Such lines have a distinctly Wordsworthian ring — if not in diction, then certainly in thought.
The evidence for viewing Bazarov’s nihilism as one component of a romantic image is grounded in Turgenev’s own statements on the subject, particularly in his preparatory remarks for Virgin Soil (“Nov’”, 1876). He writes that there are “Romantics of Realism”, who “long for the real and strive toward it as former Romantics did toward the ideal”, who seek in this reality “something grand and significant” (“nechto velikoe i znachitel'noe”) (Turgenev, 1966: 314). After characterizing the type as a prophet, tormented and anguished, Turgenev adds: “I introduced an element of that Romanticism into Bazarov as well — a fact that only Pisarev noticed” (ibid).
This reference to the hero as a Romantic or Realism is the most explicit statement of the relation between Bazarov’s faith in materialism and the Romantic spirit which informs his behavior. But that spirit is clearly defined within the novel itself — defined in part, by Bazarov’s use of terms such as “romantic” and “romanticism”. In chapter four he says of the elder Kirsanovs: “…these elderly romantics! They develop their nervous systems to the point of irritation… and so their equilibrium is destroyed” (Turgenev, 1964a: 210) Commenting on the nature of love he tells Arkadii: “Study the anatomy of the eye a bit; where does the enigmatic glance you talk about come in? That’s all romanticism, nonsense, rat, art” (“khudozhestvo”) (ibid: 226). During the dispute in chapter ten the narrator remarks: “This last phrase [spoken by Arkadii] apparently displeased Bazarov; there was a flavor of philosophy, that is to say, romanticism about it, for Bazarov called philosophy, too, romanticism…” (ibid: 243).
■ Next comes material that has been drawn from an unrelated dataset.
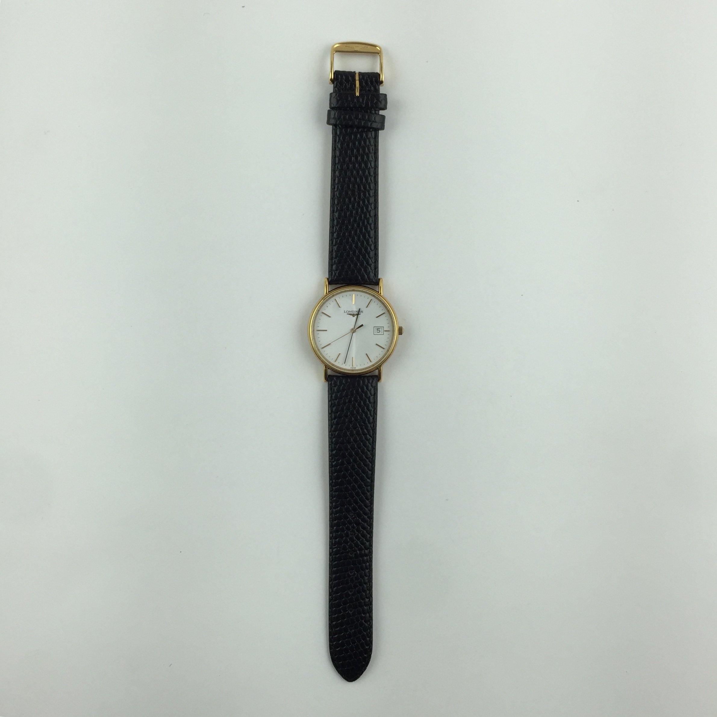 Reloj pulsera para hombre marca Longines, cuarzo. Esfera blanca, con calendario. Caja enchapada en oro amarillo, con tapa en acero inoxidable. Malla original en cuero símil cocodrilo. Sin uso, funcionando.

In his presentation of Bazarov’s thoughts on Odintsova, the narrator comments: “In his conversations with Anna Sergeevna he expressed more strongly than ever his calm contempt for everything romantic; but when he was alone, with indignation he recognized the romantic in himself” (ibid: 287.) And in chapter nineteen Bazarov tells Arkadii: “…‘in my opinion it’s better to break stones on the road than to let a woman gain control over even the end of your little finger. That’s all…’ Bazarov was on the point of uttering his favorite word, ‘romanticism’, but he checked himself and said ‘nonsense’” (ibid: 306.) Pisarev is very much to the point when he says, in an 1862 article entitled Bazarov: “Pursuing romanticism, Bazarov with incredible suspicion looks for it where it has never even existed. Arming himself against idealism and smashing its castles in the air, he at times becomes an idealist himself…” (Pisarev, 1955a: 27) Indeed, Bazarov’s path to self-knowledge (and spiritual crisis) is associated with the developing awareness of “the romantic within himself”, however contemptuously he may react to that element.
Bazarov, of course, does not use words such as “romanticism” in a specifically literary sense. And Petr Pustovoit has noted that Turgenev’s application of the terms “romantic” and “romanticism” in his critical writings often refers to a “romantic” disposition rather than to Romanticism as a literary method (Pustovoit, 1973: 259, 272). But from a structural point of view the two are inextricably connected: the literature and rhetoric of Romanticism provide the model for this romantic disposition. In fact the model is delineated in Turgenev’s work well before Fathers and Sons. In a review of Vronchenko’s translation of Faust, Turgenev describes the Romantic hero in the following terms:
He becomes the center of the surrounding world; he… does not submit to anything, he forces everything to submit to himself; he lives by the heart, but by his own, solitary heart — not another’s — even in love, about which he dreams so much; he is a romantic, and romanticism is nothing more than the apotheosis of personality [“apofeoz lichnosti”]. He is willing to talk about society, about social questions, about science; but society, like science, exists for him — not he for them (Turgenev, 1960: 220).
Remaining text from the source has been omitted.